Introduction

We are living in a review-obsessed culture and, when we are looking for a place to lunch or have dinner, it has now become a common reflex to check online ratings before making a final call. This reflects of course the customers point of view, trying to narrow their choices to some 3, 4 or 5 stars fancy venues depending on their taste and available budget.

But there is also the business owner point of view!

The importance of ratings for restaurants have been heavily emphasized in France by the suicide of the famous Chef Bernard Loiseau, whose tragic death 12 years ago has been related to the threat of losing his 3 stars prestigious ranking in the Michelin Red Guide.

It is obvious that a restaurant with poor rating will probably face serious business issues and maybe have to stop its activity.

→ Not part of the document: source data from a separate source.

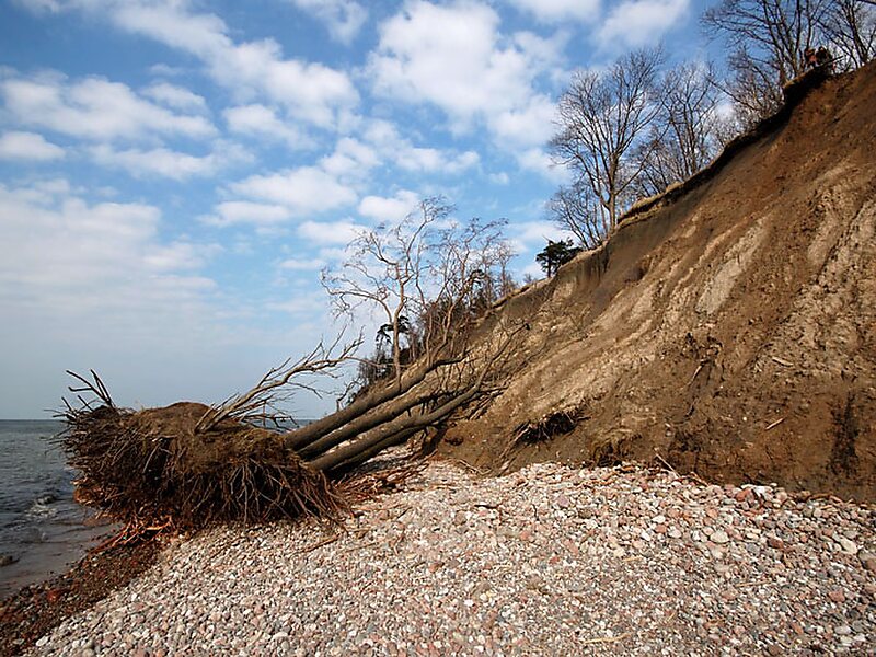 The hill is a parabolic dune created by aeolian processes on a moraine ridge. The location is now subject to strong erosion by the Baltic Sea, which is exposing various-sized boulders from the moraine. As a consequence, boulder rubble has accumulated on the so-called beach. As the bluff's base is destroyed, earth slips down the bluff's entire face, in an example of mass wasting.
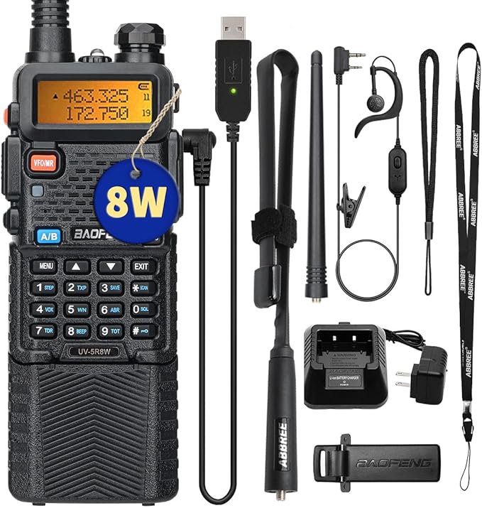 - 【Professional Ham Radio】High/Medium/Low Power TX Selectable,Max Power:8Watts.Dual band/Dual display/Dual standby,128 groups of storage channels,50 CTCSS and 104 CDCSS,AUTO Keypad Lock,LED Flashlight; FCC ID: 2AJGM-UV5R.
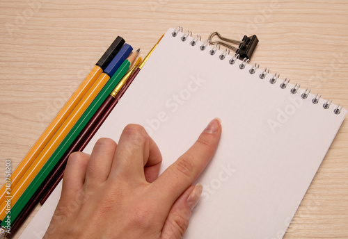 Painting brushes, pencil, pens, paper clip, female left hand finger pointing at white blank notebook on wooden background
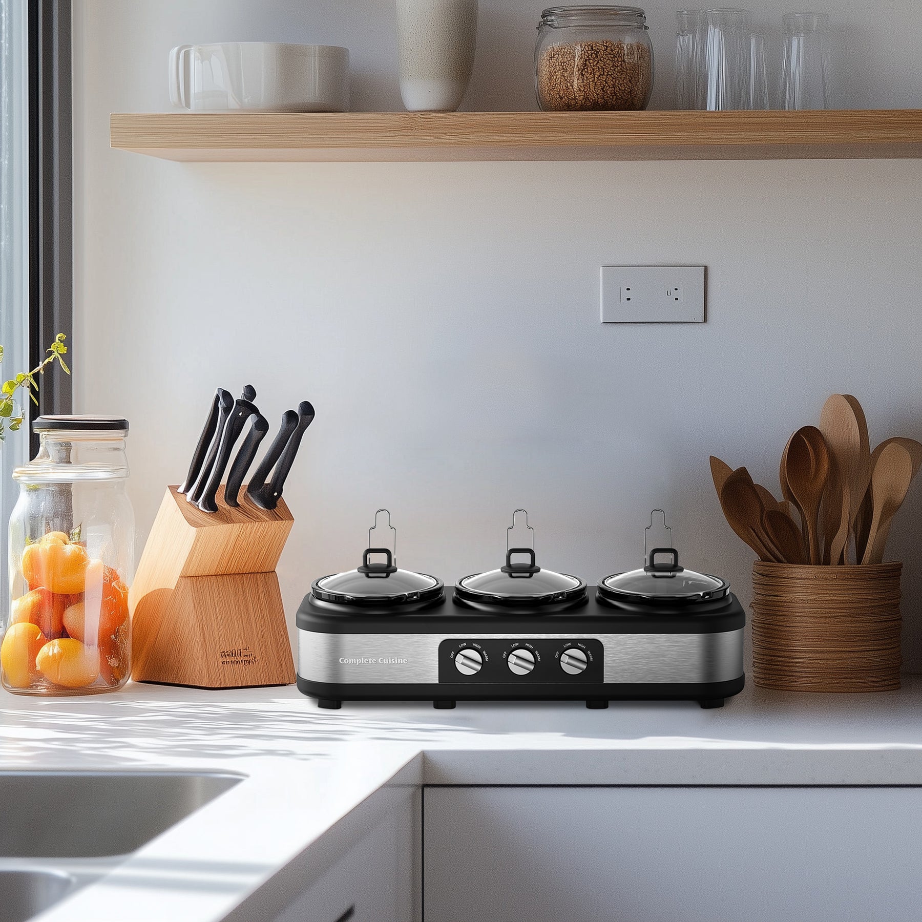 Complete Cuisine Stainless Steel Triple Slow Cooker and Buffet Server, 2.5 Quart
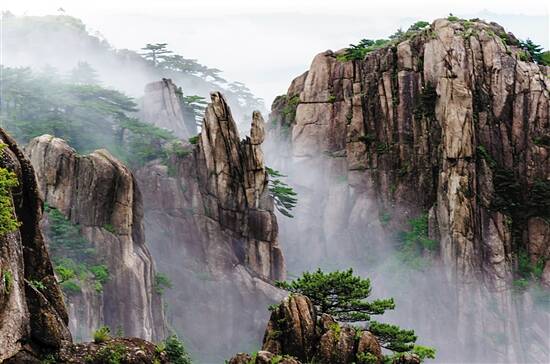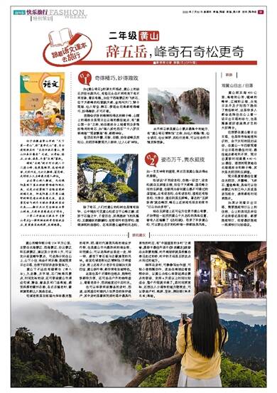 位于安徽省黄山市的“天下第一奇山”,取“皇帝之山”意,自古有经典名句“五岳归来不看山,黄山归来不看岳”之说,以奇松、怪石、云海、温泉、冬雪“五绝”著称。 铸就“五绝”的不可不提八十二座山峰,或崔嵬雄浑,或峻峭秀丽,天然巧成,尤以天都峰、莲花峰、光明顶三大主峰最为惹人神往。 去过黄山的人都说,无论艳阳高照下显出的铁骨峥嵘阳刚之美,还是云遮雾绕下若隐若现的妩媚之美,抑或阳春三月漫山遍野的鲜花透出的浪漫之美,甚至雪花纷飞的冬日银妆素裹的圣洁之美——都不足以完全描述出黄山的美,只有亲身感受过才明白。 小学二年级语文课本中《黄山奇石》一课所描述的奇形怪状岩石,更需要实地观察,发挥想象。 卡 1 奇得精巧,妙得趣致 如《黄山奇石》的课文所描述,黄山上的岩石历经长期风化,有些石头在不同视角下有不同形象,着实有趣。如位于西海景区的飞来石、位于天都峰的松鼠跳天都、金鸡叫天门、猴子观海、仙人背宝、醉石、梦笔生花等都奇得精巧,妙得趣致,不可不看。 因酷似伏卧的雄狮而得名的狮子峰,山腰上的清凉台是观日出云海的最佳地点,有“黄山第一台”之称,站在清凉台上能看到众多惟妙惟肖的奇石,如“猪八戒吃西瓜”“十八罗汉朝南海”“观音飘海”等,都颇神似。 登顶后的丹霞、石鼓、白鹅、始信诸峰及贡阳山、光明顶等景观尽入眼帘,让人心旷神怡。 此外排云亭是黄山小景点最集中的地方,有“黄山奇石博物馆”之称,如仙人晒鞋/靴、仙女绣花、仙女弹琴、武松打虎等,可以任由你尽情发挥想象。 打卡 2 姿态万千,隽永挺拔 除了奇石,人们对黄山的松树也是情有独钟,山中随处可见黄山松或立于山峰之巅,或挤于石缝之中,千姿百态,那展翅欲飞的凤凰松、玉麒腾跃的麒麟松、轻歌低吟的竖琴松、缠绵亲昵的连理松,还有那漫山遍野的无名松,如一支支神奇的画笔,将五百里黄山装点得生机勃勃。 俗话说“不到迎客松,白跑一场空”,迎客松就在玉屏楼左侧,而位于天都峰、莲花峰之间的玉屏楼,也被视为游玩黄山最不可错过的逗留地。左有迎客松,右有送客松,楼前还有陪客松、文殊台,楼后则是玉屏峰。著名的“玉屏卧佛”就在峰顶,峰石上还刻有毛泽东的草书“江山如此多娇”。 站在玉屏楼上还可全方位赏尽黄山奇景,不妨带娃一起找找黄山十大名松的具体位置,曾有人还编篡了《名松谱》,收录了许多黄山松,可以数出名字的松树每一株都独具风格。 观黄山日出/日落 联游 黄山距东海400公里,高峻的山势,嵯峨的峰林,辽阔的云海,为旭日东升及夕阳西下提供了绝佳映衬,这是很多人都会选择住在山上看一场日出日落的动力,也是摄影爱好者施展才艺的大好舞台。 但想要在黄山看日出日落,也是很考验地理知识的,由于太阳的回归运动,在黄山一年四季观看日出日落的最佳时间、最佳地点都有所不同,观日出夏季时间清晨4:40-5:20最佳,理想的观赏地在北海清凉台和狮子峰,其次是光明顶和玉屏楼。 观日落夏季最佳位置在光明顶、丹霞峰、飞来石、鳌鱼峰等,具体可以咨询景区内的工作人员或是宾馆前台,通常都有时间表提示。 如果计划看日出日落,需要提前预订山上的住宿,山上的房间及床位不论淡季还是旺季,都要提前预订,旺季最好提前一两周预订比较稳妥。 游玩建议 黄山的精华部分有154平方公里,主要在北海景区、西海景区、白云景区和玉屏景区,建议至少安排2天,可以充分游览精华景点,可选择分别在山上、山下小住,体会不同乐趣,既能观赏日出日落,也便于好好休息恢复体力。 黄山下不远处有翡翠谷(情人谷)、九龙瀑、太平湖、石门峡等风景点,时间充裕的话,还可联游黄山市周边屯溪、黟县、歙县及祁门县等地,感受深厚的徽州古韵,各式古镇老村、徽派建筑都让人流连忘返。 屯溪老街是目前国内保存最完整的有宋、明、清时代建筑风格的商业步行街,也是黄山市内最热闹的商业街,初到黄山,可以选择来这里走一走,转一转,感受下青石板与古徽建筑的风味。游览屯溪老街社区博物馆/万粹楼之余,街上还有不少老字号店铺如文房四宝、黄山茶叶等,都非常有当地特色。 这里也是个不错的住宿点,购物吃饭都很方便,还可坐在户外的咖啡座上,看看老房子,悠闲地度过午后时光。 也可以串联同游黟县的宏村、西递,这两座古村被列入世界自然保护遗产,其中宏村是徽派民居村落中最具代表性的村庄,有“中国画里的乡村”之美誉。奥斯卡最佳外语片《卧虎藏龙》就曾在此取景拍摄,村外南湖桥就是李慕白牵马走过的桥,村中的月沼是玉娇龙点水而过的地方。 徜徉在宏村,可静静写生作画,可钻小巷拍摄创作,或坐在南湖边看垂柳依依,以黄山为核心串联起周边景点的联游,安排4天或以上时间比较适合,整个行程就丰满了。若时间更宽裕,还想往人少清净的地方继续走,可以联游卢村、南屏、呈坎、牌坊群(鲍家花园)等地。
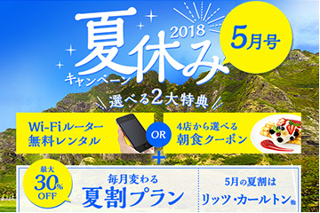 - 選べる夏特典 “4店から選べる朝食クーポン”か“Wi-Fiルーターレンタル”のどちらかお好きな方をプレゼント

According to an article published in the New Yorker following the death of Loiseau (http://www.newyorker.com/magazine/2003/05/12/death-of-a-chef):

“the loss of a Michelin star can mean financial strain: business can drop by as much as twenty-five per cent. (When Loiseau got his third star, in 1991, business at La Côte d’Or increased by sixty per cent.)”

Then comes a simple question, beyond quality of food, what are the factors explaining restaurants ratings?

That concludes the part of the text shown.